ECLI:NL:RVS:2023:3531
Raad van State
- Voorlopige voorziening
- N. Verheij
- Rechtspraak.nl
Voorlopige voorziening in vreemdelingenbewaring na uitzetting
Op 20 september 2023 heeft de voorzieningenrechter van de Afdeling bestuursrechtspraak van de Raad van State uitspraak gedaan in een zaak betreffende een verzoek om voorlopige voorziening. De vreemdeling had in beroep de staatssecretaris van Justitie en Veiligheid aangeklaagd, nadat deze op 13 april 2023 had besloten de vreemdeling in bewaring te stellen. De rechtbank Den Haag, zittingsplaats Arnhem, had op 1 mei 2023 het beroep van de vreemdeling ongegrond verklaard en het verzoek om schadevergoeding afgewezen. Hierop heeft de vreemdeling hoger beroep ingesteld en verzocht om een voorlopige voorziening.
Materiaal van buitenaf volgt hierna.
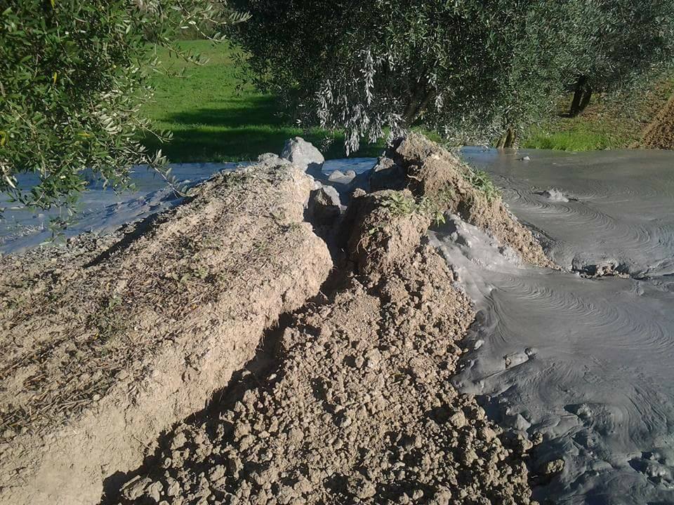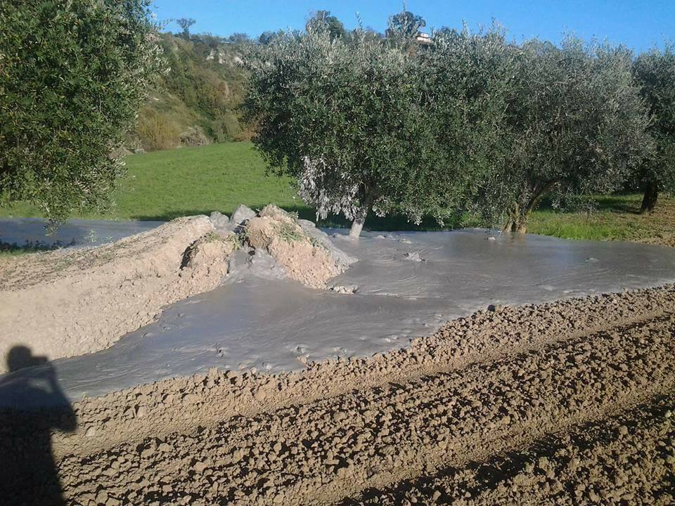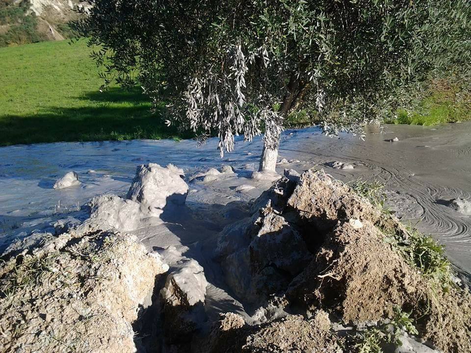 Santa Vittoria in Matenano è un piccolo comune collinare della provincia di Fermo, nel sud delle Marche: oggi pomeriggio alle 14 nelle campagne dell’Appennino nel territorio di questo comune è successo un episodio incredibile, anche se possiamo considerarlo relativamente “normale” in relazione al forte terremoto di magnitudo 6.5 di domenica mattina. Il suolo all’improvviso s’è aperto per l’impeto dei “fiumi” di fango e argilla in risalita dal sottosuolo: è nato così un nuovo vulcanello di fango nelle campagne del paese, con vere e proprie “inondazioni” fangose. Sul posto gli uomini della protezione civile che monitorano la situazione.

De staatssecretaris heeft in een brief van 25 mei 2023 meegedeeld dat de vreemdeling op 17 mei 2023 is uitgezet. Hierdoor was de maatregel van bewaring opgeheven, wat leidde tot de conclusie dat de vreemdeling geen belang meer had bij de beoordeling van zijn verzoek om voorlopige voorziening. De voorzieningenrechter heeft daarom het verzoek niet-ontvankelijk verklaard. De staatssecretaris is niet verplicht om de proceskosten te vergoeden, aangezien het verzoek niet ontvankelijk is verklaard.
De uitspraak is gedaan door mr. N. Verheij, voorzieningenrechter, in aanwezigheid van mr. J. van de Kolk, griffier, en is openbaar uitgesproken op 20 september 2023.